Reputation: 852
This question is kind of related to my other question Hadoop handling data skew in reducer. However, I would like to ask if there are some configuration settings available so that if say the max reducer memory is reached then spawn off a new reducer on another datanode with the remaining data in context ? Or maybe even on the same datanode so that say some x records off the context are read in the reduce method upto some limit and then the remaining are read off in a new reducer ?
Upvotes: 0
Views: 308
Reputation: 3173
It is not possible to spawn a new auxiliary reducer to balance the load on the job run.
Rather you could thing of picking another key element from your records which will help in shuffling the data even across the reducers.

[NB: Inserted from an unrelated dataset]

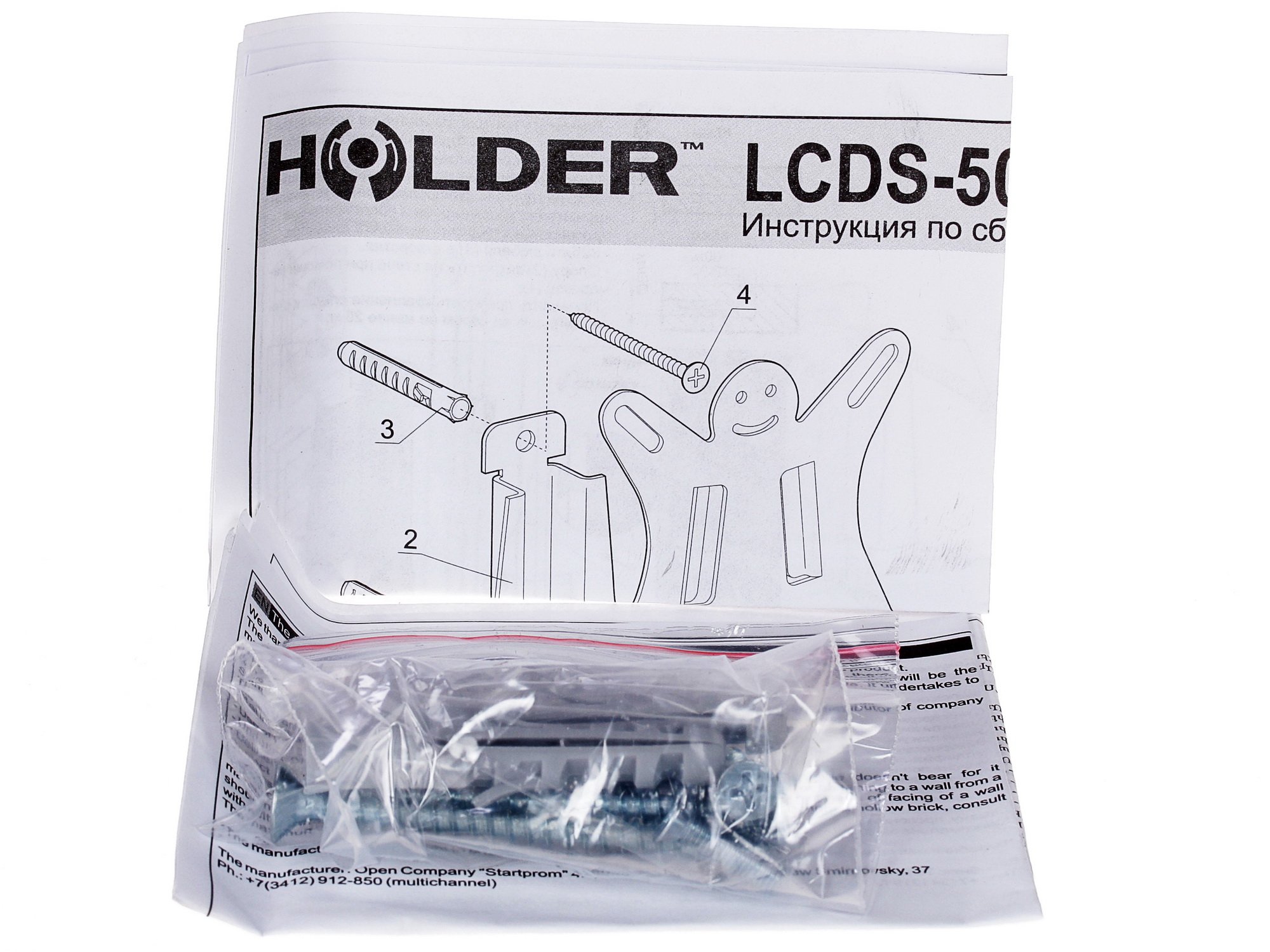 Комплект поставки крепления Holder LCDS-5001 включает подробную инструкцию по сборке, а также дополнительные составляющие для монтажа. Установка кронштейна проста и доступна.
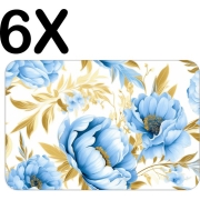 BWK Flexibele Placemat - Patroon van Blauwe Bloemen met Gouden Bladeren - Set van 6 Placemats - 45x30 cm - PVC Doek - Afneembaar

Else as a option, you could expand the existing reducer's memory settings to accommodate more shuffled records and to get the sorting/merging done quicker. Please refer the below properties,
mapreduce.reduce.memory.mb
mapreduce.reduce.java.opts
mapreduce.reduce.merge.inmem.threshold
mapreduce.reduce.shuffle.input.buffer.percent
mapreduce.reduce.shuffle.merge.percent
mapreduce.reduce.input.buffer.percent
I could remember, there was a extended mapreduce library, skewtune, written to load balance the data skew during the course of job run. But I never experimented this, kindly check if it is helpful.
Upvotes: 1
Reputation: 2221
You could try out a combiner that would reduce the work load of a single reducer handling more key,value pairs by doing a possible aggregation before it goes through to the reducer. If you are doing a join then you could try out skewed join
in Pig. It involves 2 MR jobs.In first MR it does a sampling on one input and if it finds a key which is skewed so much so that it is able to fit into memory, it splits that key into more than one reducers. For the other records than the one identified in the sample it does a default join. For the skewed input it duplicates the input and sends it to both reducers.
Upvotes: 1
Reputation: 1496
That is not possible. The number of reducers is fixed in the Driver configuration.
Upvotes: 0